PROBLEM REQUIREMENTS:
Please reproduce the entries exactly, skipping each picture.
++++ EXERCISE INPUTS
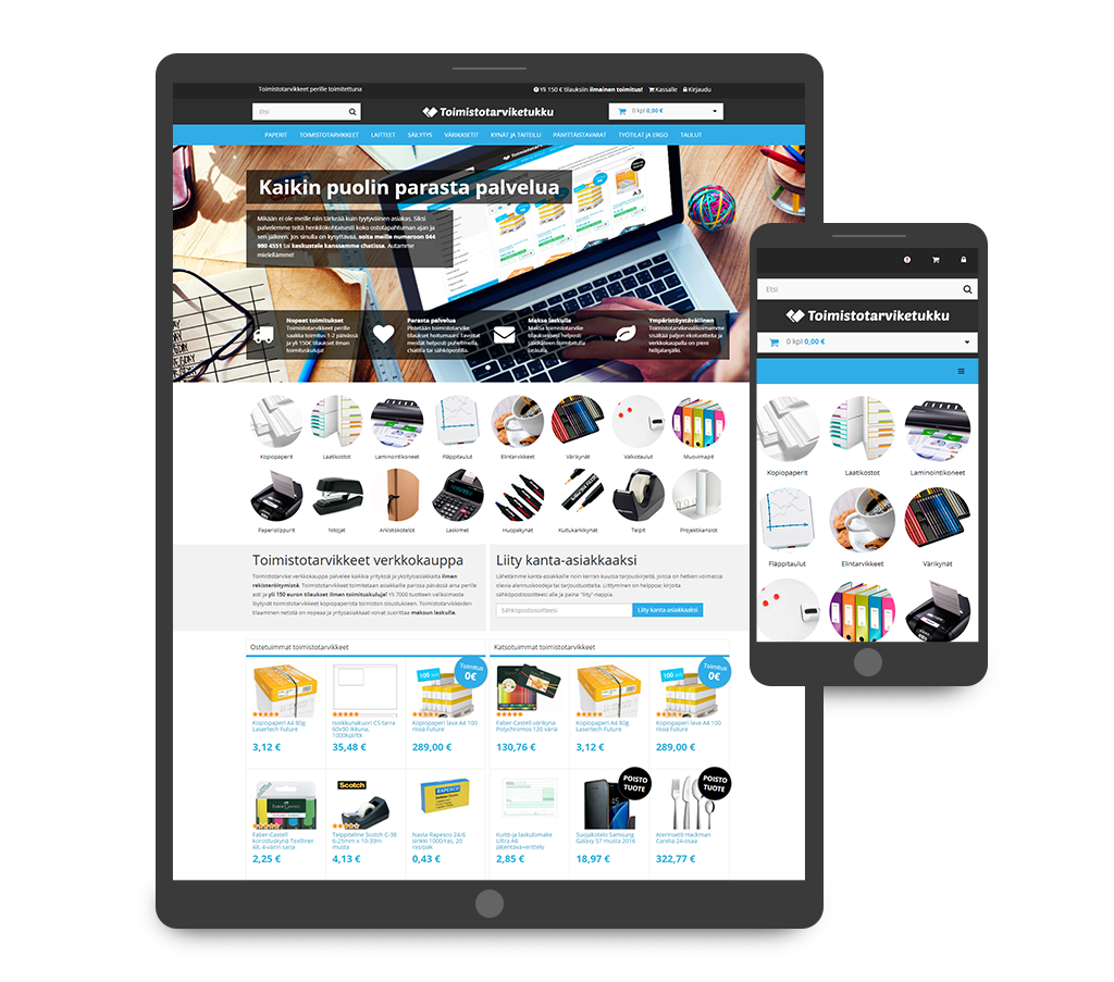 - Kolmen verkkokaupan julkaisu omalla alustalla
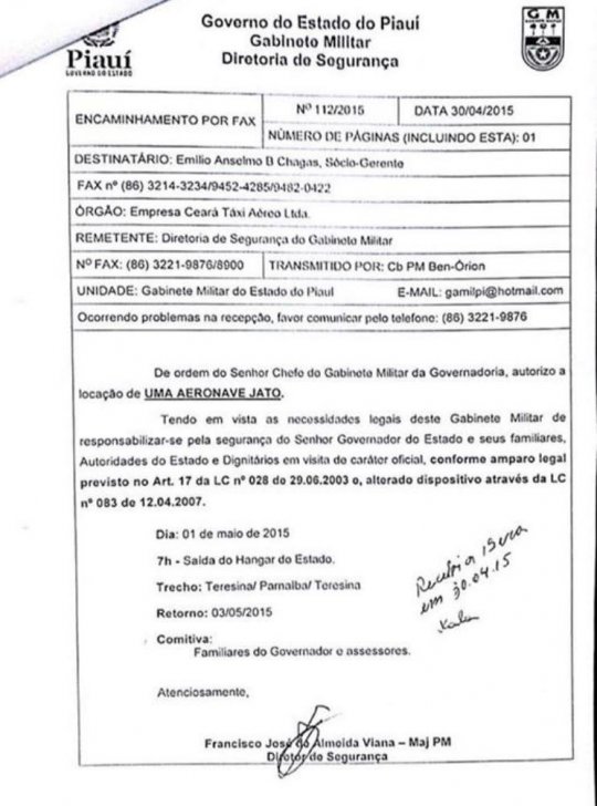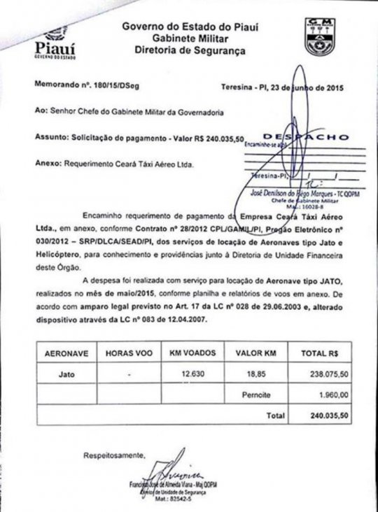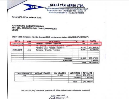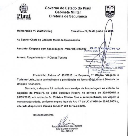 Constam nos documentos (postados logo abaixo) que no mês de maio o Gabinete Militar, órgão responsável por despesas básicas do governador, autorizou o pagamento do aluguel de um jatinho, no valor R$ 13.195,00, de 01 a 03 de maio de 2015, (de sexta a domingo) para uma viagem de Vinicius Dias ao litoral piauiense. Ainda de acordo com os documentos, na mesma data foi pago ainda, também pelo governo do Estado, a estadia de Vinicius na Resort BobZ, ao custo de R$ 4.072,00.
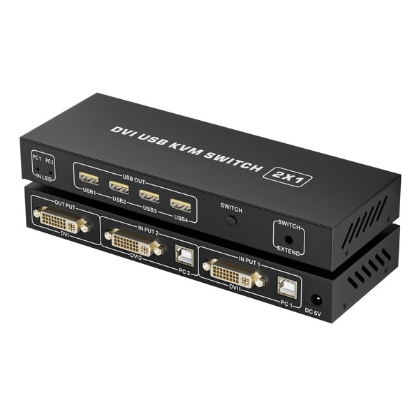 - ✅DVl 2 ports KVM switch two groups of high-definition video sourceand USB interface implementation free/Synchronize switch, AdaptiveEDID/HDCP decryption, can adapt to a variety ofcomplexapplicationenvironments.The equipment has excellentimage processing and transmission capacity, make the output signal is more smooth and steadyis a reliable, high performance and efficient way of DVl USB switch.
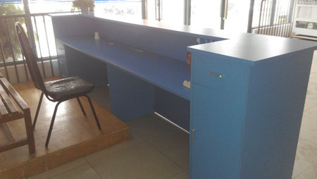 (3)工作台技术要求:高密度免漆板;双层;上层宽200mm;两头做柜子
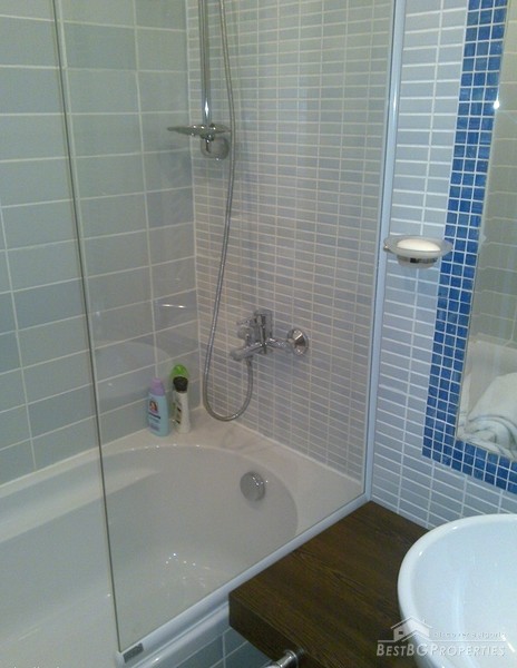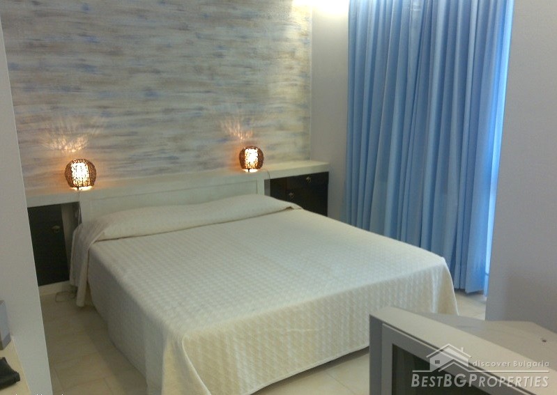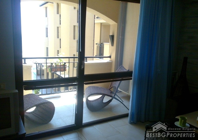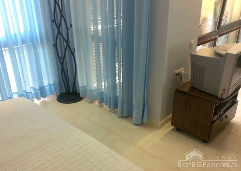 The apartment has total living area of 55 sq m. It is on the third floor out of five. The area is distributed between a living room with bedroom, bathroom with WC and a terrace with nice views. The apartment is fully, luxury furnished and equipped. It is ready to move in and has the possibility to be used all year around. It can be also used for investment. The studio is situated in the middle of the complex, overlooking the sea.
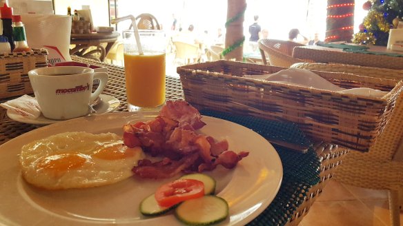 最後一天則是7:00的飛機,所以使用機場旁邊的Waterfront旅館。最後一天身上沒有披索只好在旅館吃。
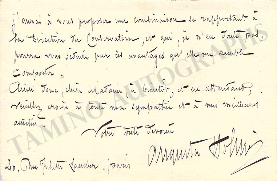 Holmes, Augusta - Autograph Letter Signed 1891 Holmes, Augusta - Autograph Letter Signed 1891
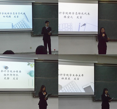 第二阶段进行的是会计学院第十三期“青年马克思主义者培养工程”培训班开班仪式。首先是新学员代表白凤儒同学发言,他代表新学员们表达了在培训班中好好学习实践、为同学们服务的决心。接下来,院团学志部长代表陈宜之同学、院学生会主席杜亚东同学、院团委组织部部长史静同学发言。他们介绍了院团学志的基本情况,分享了自己在团学志中的成长故事,同时也对新学员们提出了几点希望,希望她们能够坚守初心,平衡好培训班工作和专业学习之间的关系,秉承为同学服务的宗旨开展接下来的工作。
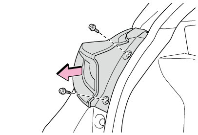 2. ボルト(2本)をはずし、ランプ本体をまっすぐ後方に引き、取りはずす
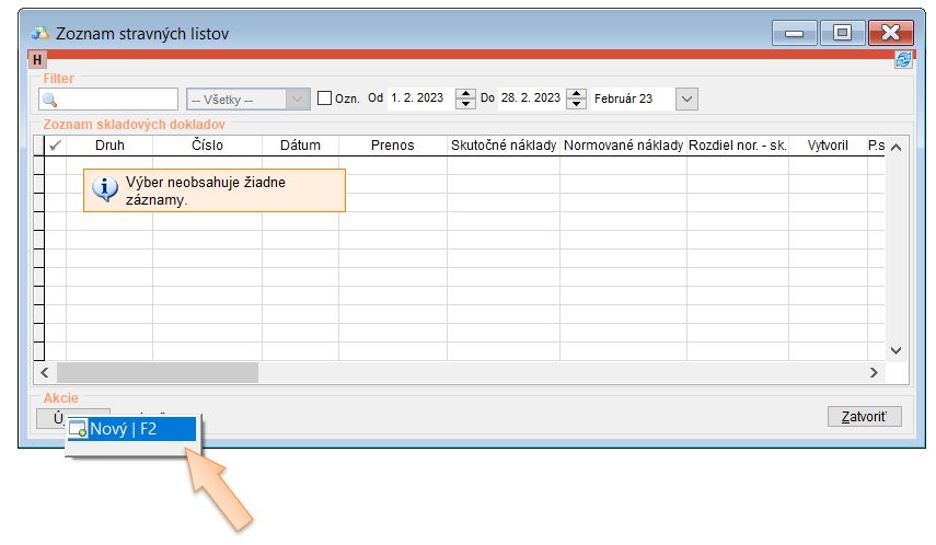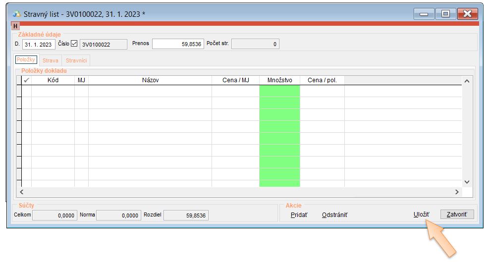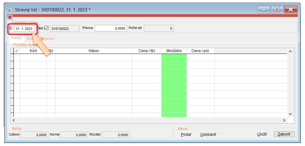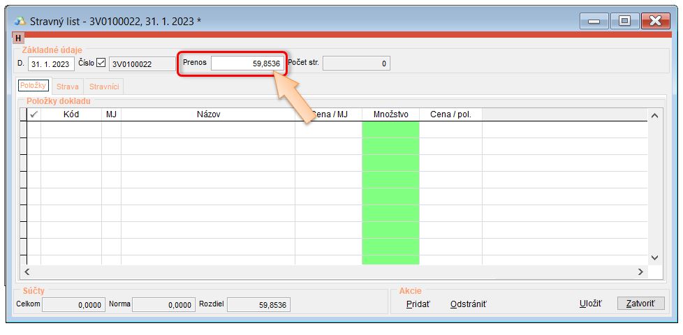 • Vytvoriť počiatočný stravný list ku koncu predchádzajúceho mesiaca od ktorého pokračujete v evidencii, kde sa nahodí zostatok.
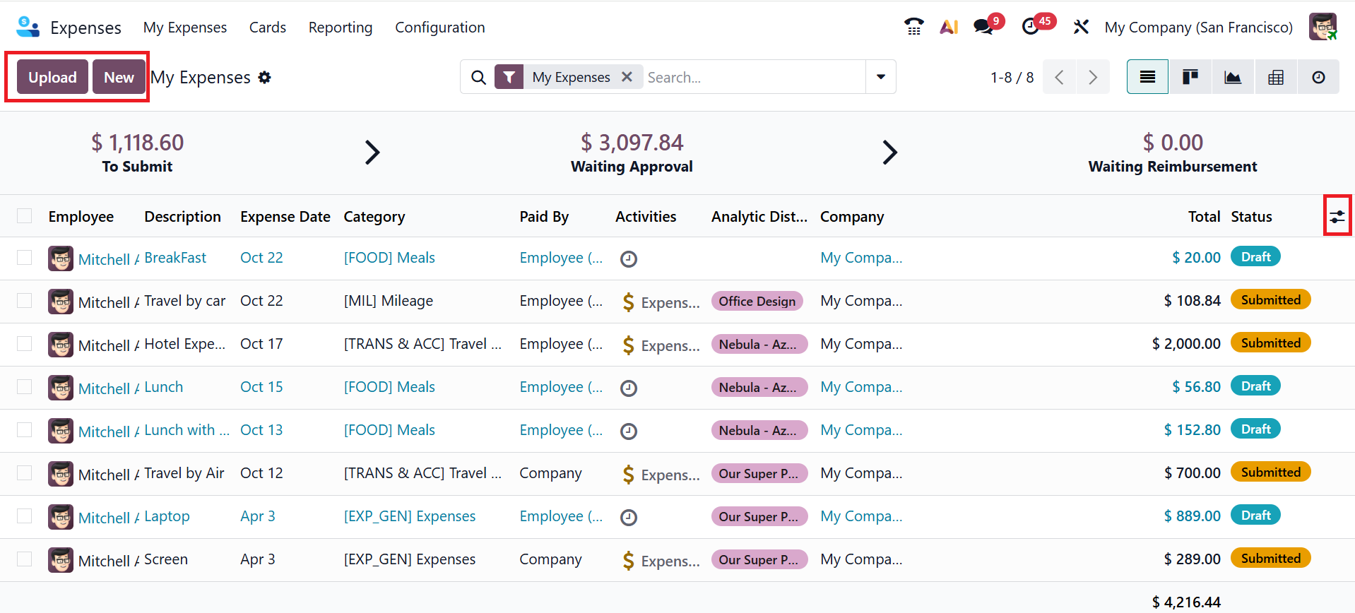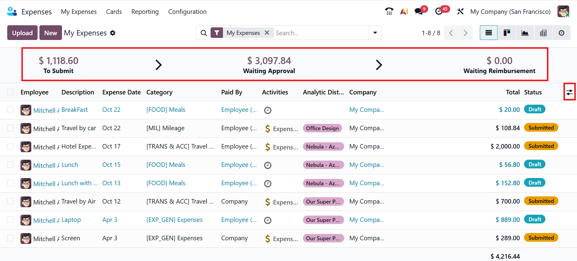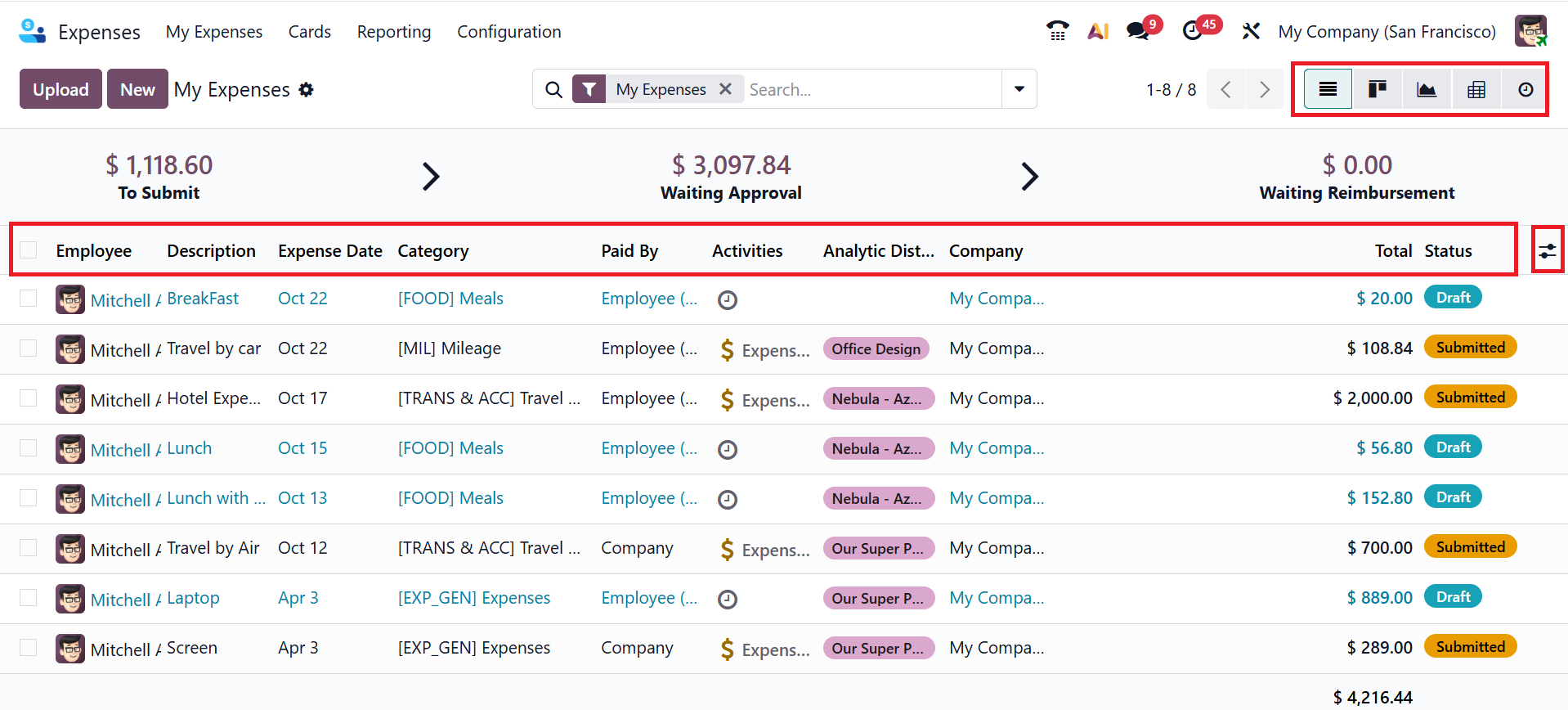 When you open the expense module, the My Expenses menu appears as the default dashboard view. There, you can see a list of expense reports' history, including the details such as Employee, Description, Expense Date, Category, Paid By, Activities, Analytic Distribution, Company, Total, Status, and you can add more details to the report by clicking on the toggle button in the right corner of the screen. By default, the My Expenses option is arranged in List view, and you can also change the view to Kanban, Pivot, Graph, and Activity.
++++++++
ANSWER TO THE EXERCISE:
 - Kolmen verkkokaupan julkaisu omalla alustalla
 Constam nos documentos (postados logo abaixo) que no mês de maio o Gabinete Militar, órgão responsável por despesas básicas do governador, autorizou o pagamento do aluguel de um jatinho, no valor R$ 13.195,00, de 01 a 03 de maio de 2015, (de sexta a domingo) para uma viagem de Vinicius Dias ao litoral piauiense. Ainda de acordo com os documentos, na mesma data foi pago ainda, também pelo governo do Estado, a estadia de Vinicius na Resort BobZ, ao custo de R$ 4.072,00.
 - ✅DVl 2 ports KVM switch two groups of high-definition video sourceand USB interface implementation free/Synchronize switch, AdaptiveEDID/HDCP decryption, can adapt to a variety ofcomplexapplicationenvironments.The equipment has excellentimage processing and transmission capacity, make the output signal is more smooth and steadyis a reliable, high performance and efficient way of DVl USB switch.
 (3)工作台技术要求:高密度免漆板;双层;上层宽200mm;两头做柜子
 The apartment has total living area of 55 sq m. It is on the third floor out of five. The area is distributed between a living room with bedroom, bathroom with WC and a terrace with nice views. The apartment is fully, luxury furnished and equipped. It is ready to move in and has the possibility to be used all year around. It can be also used for investment. The studio is situated in the middle of the complex, overlooking the sea.
 最後一天則是7:00的飛機,所以使用機場旁邊的Waterfront旅館。最後一天身上沒有披索只好在旅館吃。
 Holmes, Augusta - Autograph Letter Signed 1891 Holmes, Augusta - Autograph Letter Signed 1891
 第二阶段进行的是会计学院第十三期“青年马克思主义者培养工程”培训班开班仪式。首先是新学员代表白凤儒同学发言,他代表新学员们表达了在培训班中好好学习实践、为同学们服务的决心。接下来,院团学志部长代表陈宜之同学、院学生会主席杜亚东同学、院团委组织部部长史静同学发言。他们介绍了院团学志的基本情况,分享了自己在团学志中的成长故事,同时也对新学员们提出了几点希望,希望她们能够坚守初心,平衡好培训班工作和专业学习之间的关系,秉承为同学服务的宗旨开展接下来的工作。
 2. ボルト(2本)をはずし、ランプ本体をまっすぐ後方に引き、取りはずす
 • Vytvoriť počiatočný stravný list ku koncu predchádzajúceho mesiaca od ktorého pokračujete v evidencii, kde sa nahodí zostatok.
 When you open the expense module, the My Expenses menu appears as the default dashboard view. There, you can see a list of expense reports' history, including the details such as Employee, Description, Expense Date, Category, Paid By, Activities, Analytic Distribution, Company, Total, Status, and you can add more details to the report by clicking on the toggle button in the right corner of the screen. By default, the My Expenses option is arranged in List view, and you can also change the view to Kanban, Pivot, Graph, and Activity.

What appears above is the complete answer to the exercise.